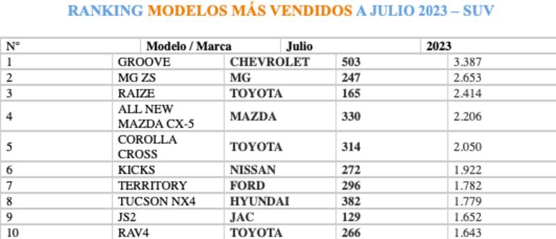 Ahora bien, en el top ten de los SUVs más vendidos, nos encontramos en el primer lugar con el Chevrolet Groove -fabricado también en China-, con 3.387 ejemplares. Le siguen el MG ZS, con 2.653 unidades matriculadas hasta la fecha y el Toyota Raize con 2.414 colocaciones.
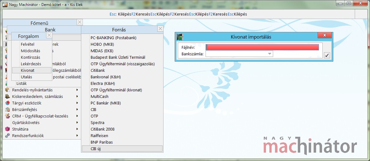 A funkció Home-Banking rendszerekkel történő kapcsolattartásra alkalmas. Az egyes banki rendszerekből kapott kivonat fájlokat dolgozza fel a program és készít bankbizonylatokat.
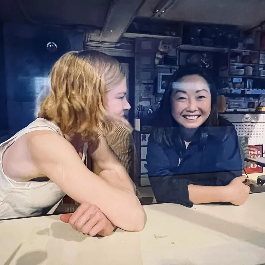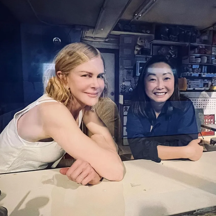 Πιο συγκεκριμένα η χολιγουντιανή ηθοποιός ποζάρει δίπλα με την Lulu Wang, τη σκηνοθέτιδα της νέας σειράς «Expats του Amazon», τελείως άβαφη και φαίνεται τεντωμένο το πρόσωπό της από τις παρεμβάσεις.
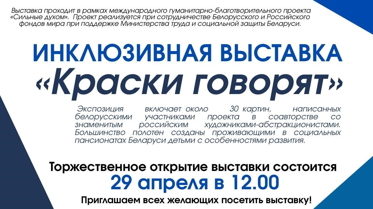Выставка проходит в рамках международного гуманитарно-благотворительного проекта «Сильные духом». Проект реализуется при сотрудничестве Белорусского и Российского фондов мира при поддержке Министерства труда и социальной защиты Беларуси.
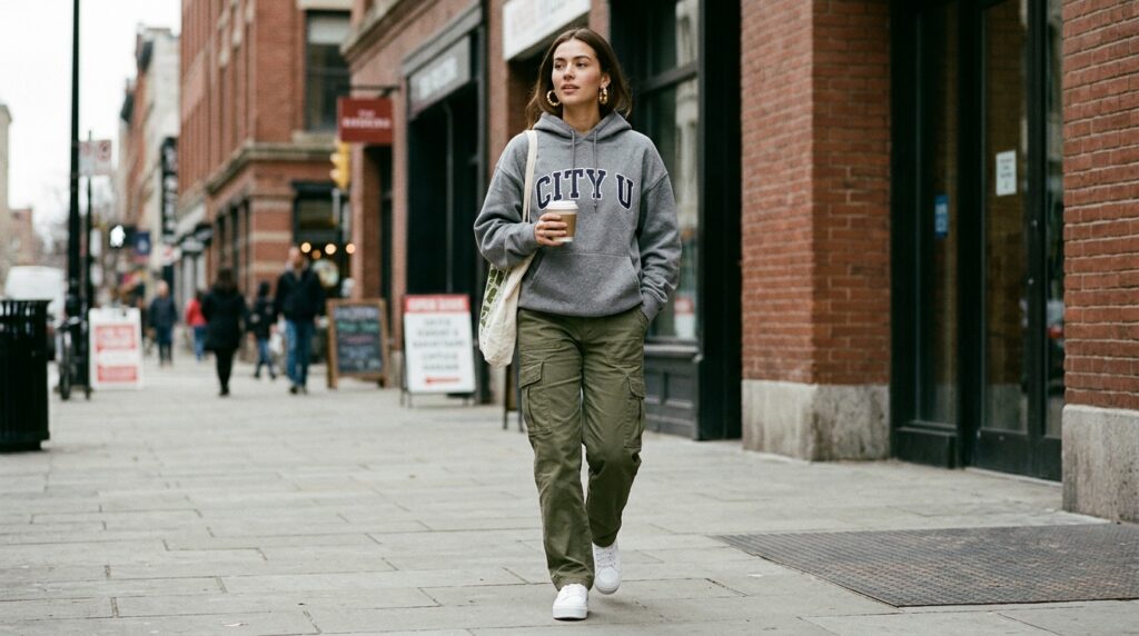 This one hits that sweet spot between sporty and street-smart. A grey hoodie with college lettering, olive cargo trousers, white sneakers, and chunky gold hoops — it’s downtown cool without trying to be.
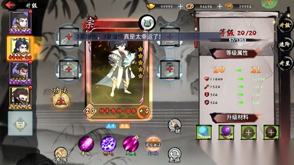 7、别忘了升级角色方便后期闯荡更高难的的关卡。
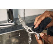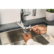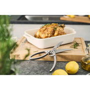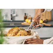 Mit der TWIN Select Geflügelschere wird die Zubereitung und das Portionieren von Geflügel aller Art ganz einfach. Das durchdachte Design der Geflügelschere beginnt beim ergonomischen Griff, der gut und sicher in der Hand liegt. Dank der idealen Hebelwirkung und einer dementsprechend guten Kraftübertragung brauchen Sie nicht unnötig viel Kraft aufzuwenden, um Fleisch, Sehnen und selbst Knochen zu durchtrennen. Die gezahnte Schere ist aus rostfreiem Spezialstahl geschmiedet und besonders scharf. Zusätzlich verhindert der vorhandene Sicherheitsbügel ein versehentliches Aufklappen und mindert das Verletzungsrisiko. Nach dem Kochen können Sie die Schere durch den Aushebenagel zum leichten Reinigen auseinandernehmen.
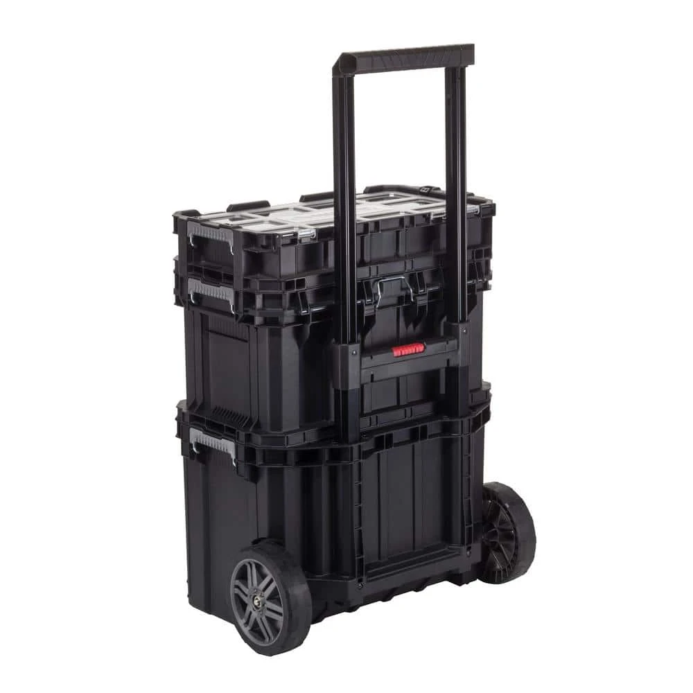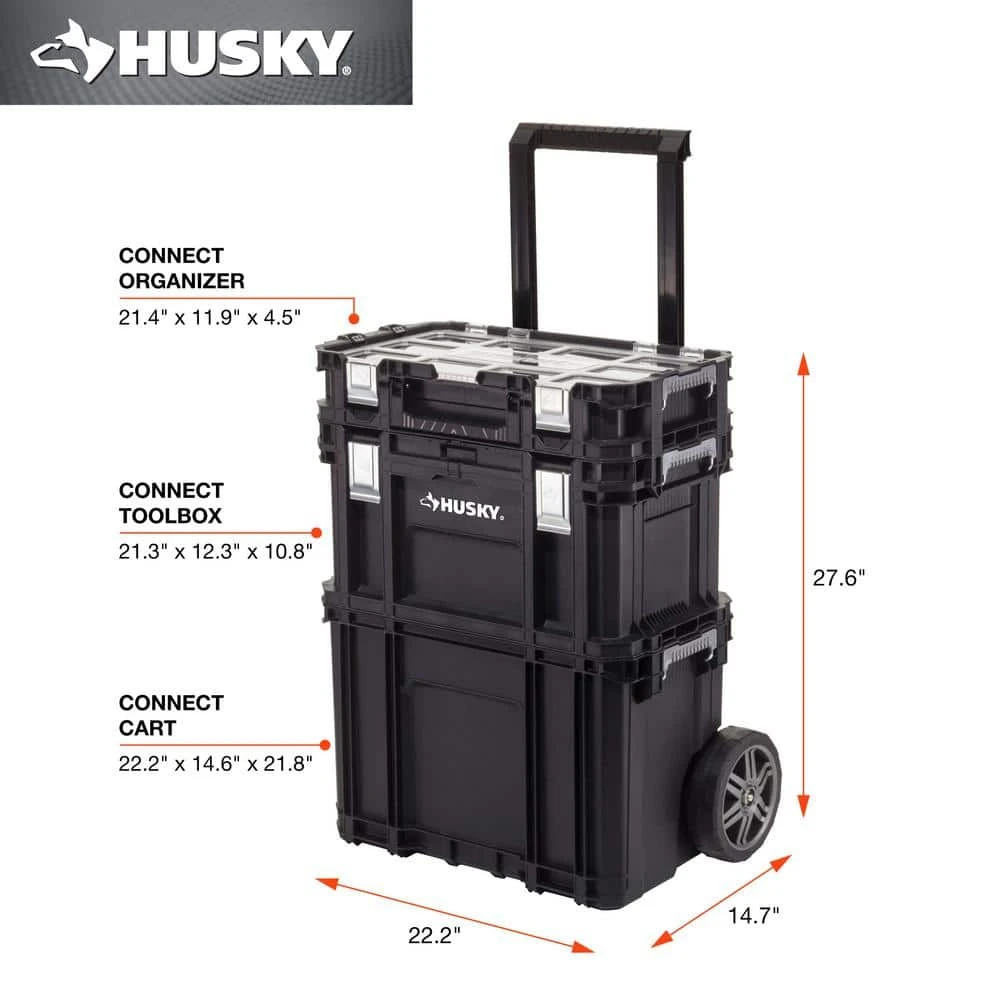 This 22 in. Connect System Rolling Cart features an interconnecting system allowing you to customize the way you transport your tools and accessories. The system features 3-Piece. A rolling cart, toolbox and small parts organizer. The rolling cart base is large for hauling power tools. The rolling cart features 7 in. rolling wheels and strong telescoping handle. The mid tool box is 22 in. W and features a flat lid surface to double as a work surface. The deep pro organizer features 12 removable bins.
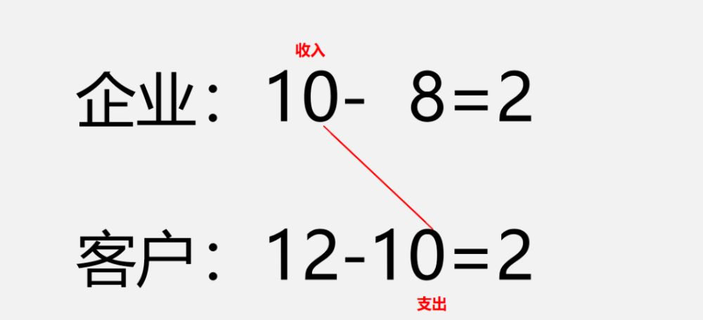 企业的等式10-8=2和客户衡等式12-10=2两个恒等式拆分后,我们会发现,客户支出的10块钱到了企业那里就变成了收入(如下图)。
-----
Prompt
Keep to the stretch from the line containing "A funkció Home-Banking" through the line containing "7、别忘了升级角色方便后期闯荡更高难的的关卡。", both ends included, and copy it exactly from the listing above, minus the pictures.

Result for this exercise
 A funkció Home-Banking rendszerekkel történő kapcsolattartásra alkalmas. Az egyes banki rendszerekből kapott kivonat fájlokat dolgozza fel a program és készít bankbizonylatokat.
 Πιο συγκεκριμένα η χολιγουντιανή ηθοποιός ποζάρει δίπλα με την Lulu Wang, τη σκηνοθέτιδα της νέας σειράς «Expats του Amazon», τελείως άβαφη και φαίνεται τεντωμένο το πρόσωπό της από τις παρεμβάσεις.
Выставка проходит в рамках международного гуманитарно-благотворительного проекта «Сильные духом». Проект реализуется при сотрудничестве Белорусского и Российского фондов мира при поддержке Министерства труда и социальной защиты Беларуси.
 This one hits that sweet spot between sporty and street-smart. A grey hoodie with college lettering, olive cargo trousers, white sneakers, and chunky gold hoops — it’s downtown cool without trying to be.
 7、别忘了升级角色方便后期闯荡更高难的的关卡。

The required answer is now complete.